Second, each spatio-temporal kriging method produces distinct spatio-temporal patterns, mainly due to differences in the spatio-temporal patterns of the estimated global trends. Specifically, OSTK, which relies primarily on spatio-temporal interactions, typically yields smooth patterns, and PRSTK exhibits smooth trends in both the global trends and spatio-temporal interactions. However, the results indicate that machine learning models (i.e., RFSTK and BTSTK), particularly tree-based, generate more abrupt spatio-temporal patterns in the global trends and reduce the proportion of variation attributed to spatio-temporal interactions.
The selection of a kriging model should account for not only overall accuracy but also the character of variation in spatio-temporal phenomena. If the variations exhibit smooth and gradual changes over space and time, OSTK and PRSTK are more suitable for capturing these long-range trends. These models are particularly advantageous in applications where preserving overall structural patterns and minimizing abrupt fluctuations are essential, especially in cases of relatively smooth variation that is independent of enumeration units. In contrast, when localized variations are more pronounced and exhibit abrupt changes, RFSTK and BTSTK provide more appropriate estimations for identifying and emphasizing discrete concentration shifts. This makes them especially useful in cases where sudden changes in spatial and temporal data require detailed representation.

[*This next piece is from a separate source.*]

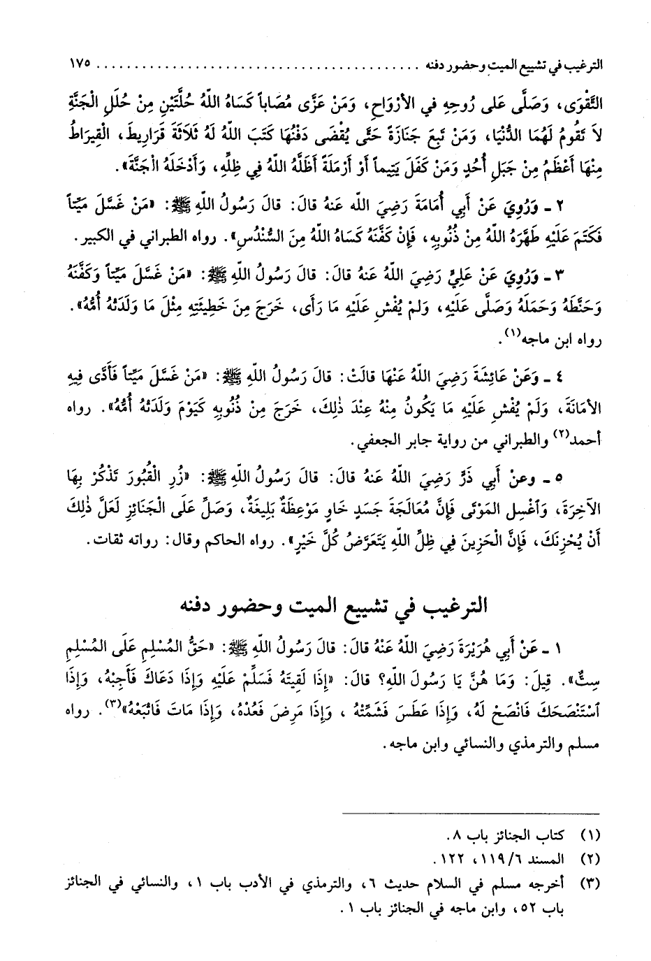 5306 - وَرُوِيَ عَن أبي أُمَامَة رَضِي الله عَنهُ قَالَ قَالَ رَسُول الله صلى الله عَلَيْهِ وَسلم من غسل مَيتا فكتم عَلَيْهِ طهره الله من ذنُوبه فَإِن كَفنه كَسَاه الله من السندس

Distinguishing between smooth and abrupt patterns often relies on data behavior and visual diagnostics [
32]. As reported in previous studies [
33], NO₂ concentrations typically exhibit smooth variation, a pattern also observed in this study. PRSTK is, therefore, more suitable as it captures gradual differences in both global trends and spatio-temporal interactions, even though its overall accuracy is lower than that of RFSTK and BTSTK.

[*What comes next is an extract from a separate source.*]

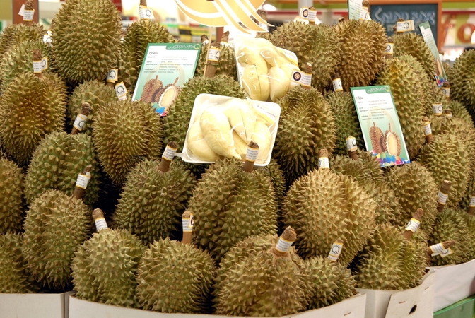 Durian adalah buah tropis yang berasal dari Asia Tenggara. Durian memiliki kulit yang keras dan berduri, dan daging buah yang berwarna kuning atau putih. Durian memiliki aroma yang kuat dan khas, yang disukai oleh sebagian orang dan tidak disukai oleh sebagian orang lainnya.
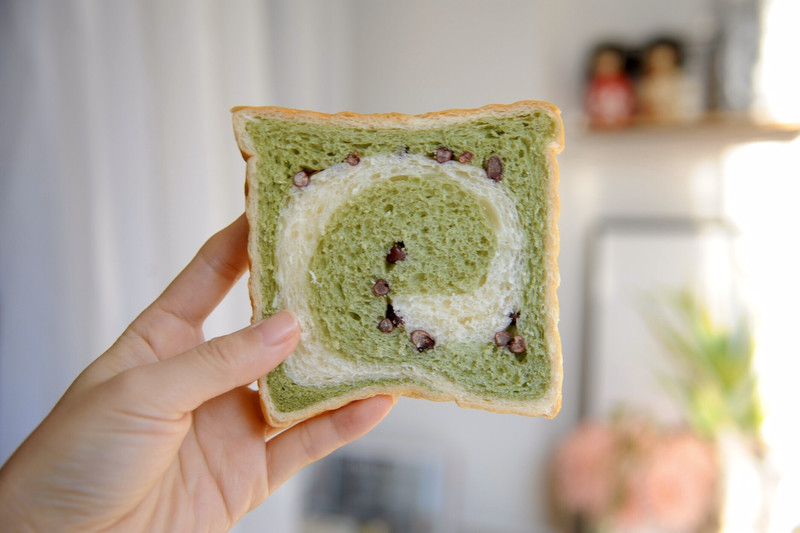 双色吐司养眼又好吃,像个绿色的旋涡,加了蜜豆就更加馋人了.口感清新带点甜,浓郁的奶香味中夹带着茶香,香而不苦涩,百吃不腻.

This study provides two insights into the field of spatio-temporal interpolation. First, overall accuracy may not be a sufficient criterion for selecting a spatio-temporal kriging model. Specifically, it shows that improvements in overall accuracy resulting from the integration of machine learning and kriging are primarily due to the effective capture of global trends. However, a greater emphasis on modeling global trends may diminish the role of kriging in explaining spatio-temporal variation. Second, this study highlights the importance of considering the character of variation in spatio-temporal phenomena when selecting a kriging method. By evaluating the contributions of different sources of variation, the study shows that when the influence of an abrupt global trends estimation is substantial, it can lead to more abrupt overall patterns in the final interpolation results. The proposed method may be especially beneficial in applications where preserving spatial patterns is critical, such as in disease cluster detection [
34] or location allocation [
35].
This study can be extended in the following ways. First, further evaluation of various machine learning models that can be integrated with kriging is needed. While this study utilizes tree-based machine learning models, ensemble approaches built on other algorithms, e.g., regression-based models, may generate different spatio-temporal patterns. Second, the approach can be extended to other cases that involve different characteristics of variation in spatio-temporal phenomena. In particular, further investigation is needed for phenomena that exhibit more abrupt patterns than the air pollution data used in this study. Third, improving the computational scalability of integrated machine learning and kriging approaches for large-scale datasets remains an important challenge.